Troppo spesso, con il pretesto che la consulenza tecnica d'ufficio non è da considerarsi un mezzo di prova taluni magistrati trattengono la causa a sentenza senza aver ammesso la c.t.u. e senza tenere conto del fatto che, in certi casi, può diventare estremamente complesso per la parte che vuol far valere un suo diritto in giudizio dimostrare il fondamento delle proprie ragioni.
La Cassazione fa ora chiarezza sul punto: in alcuni casi (come quando si tratta di controversie in materia di responsabilità medica), il giudice non può negare una richiesta risarcitoria senza aver prima disposto una consulenza tecnica d'ufficio.
Anche se di norma la consulenza tecnica d'ufficio non è un mezzo di prova, lo diventa se la prova del danno è impossibile o estremamente difficile da fornire con i mezzi ordinari.
Nel caso preso in esame dai giudici della Suprema Corte, gli eredi di una paziente (che era deceduta perché il suo medico non aveva diagnosticato in tempo un cancro), si erano visti respingere la richiesta di risarcimento danni perché non provata.

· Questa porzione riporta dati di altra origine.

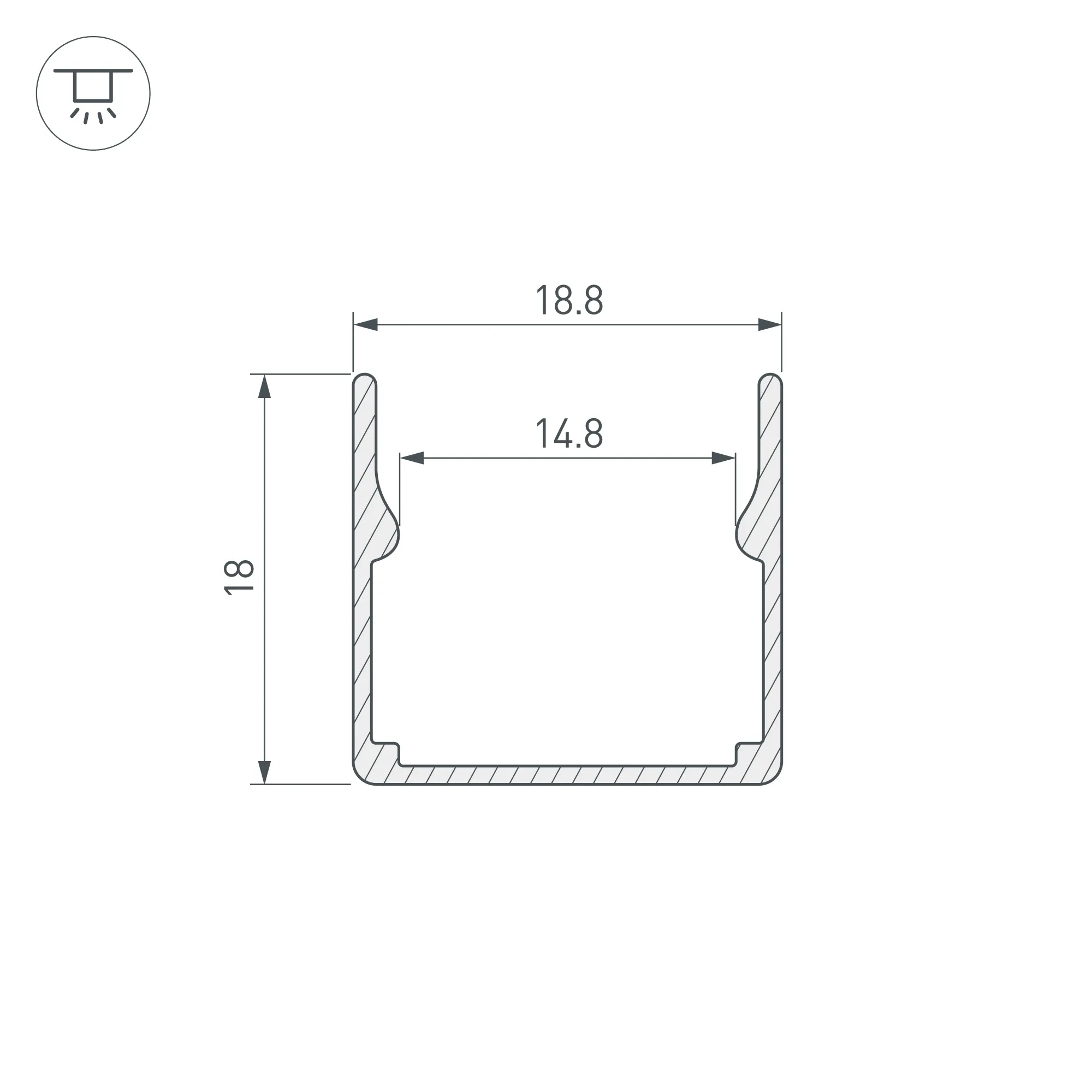 Профиль из анодированного алюминия для силиконового профиля WPH-FLEX-1616. Габаритные размеры (L×W×H): 1000х18,8х18 мм. Цена за 1 метр.
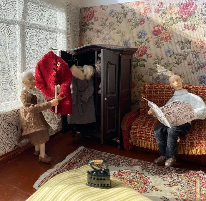 Главные герои зарисовок художницы – пенсионеры. Они живут своей жизнью, доказывая, что пенсия – это ещё не конец. Бабули и дедули едут на дачу за урожаем, поливают цветы, делают заготовки, чистят одежду, идут за грибами, вяжут, болтают, играют с внуками, наслаждаются неспешной беседой за чашкой чая и совместными воспоминаниями.Хрисанова делает как абстрактные домики, игрушки и композиции, так и воссоздаёт миниатюры по фотографиям, помогая людям окунуться в тёплые воспоминания и поностальгировать о светлых моментах жизни.
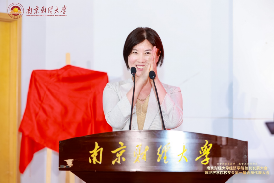经济学院校友会第一届理事会会长管有英校友发言,她表示,将与理事会成员一起,以“服务校友、回馈母校、贡献社会”为宗旨,将经济学院校友会打造成为校友联络的情感纽带,支持在校学生成长的育人平台,反哺学校学院事业发展的永续引擎。

Peccato però che i magistrati non avessero voluto dare ingresso a una c.t.u. che pur era stata richiesta e che avrebbe invece consentito di dimostrare il danno.
La Cassazione con la sentenza 9245/2015 del 7 maggio (qui sotto allegata) ha accolto il ricorso degli eredi evidenziando che la Corte d'Appello è incorsa in errore laddove ha affermato che sarebbe stato onere delle parti attrici indicare il grado e il tempo della lesione subita.
La Corte fa notare che la quantificazione del danno può essere utile ma non certo indispensabile perché sia valido un atto di citazione
. Ma una vera e propria tirata d'orecchie per i giudici di merito arriva dalla Suprema Corte per il fatto che i magistrati non hanno tenuto conto del fatto che quando si ritiene generica una domanda di risarcimento del danno non la si può solo per questo respingere ma si deve applicare il disposto di cui all'articolo 164 del codice di procedura civile e quindi fissare un termine per integrare la domanda.E poi il giudice non può imputare alla parte di non aver assolto all'onere della prova se poi è lui stesso ad aver negato la prova offerta.
Insomma la sentenza è cassata e il giudizio è da rifare.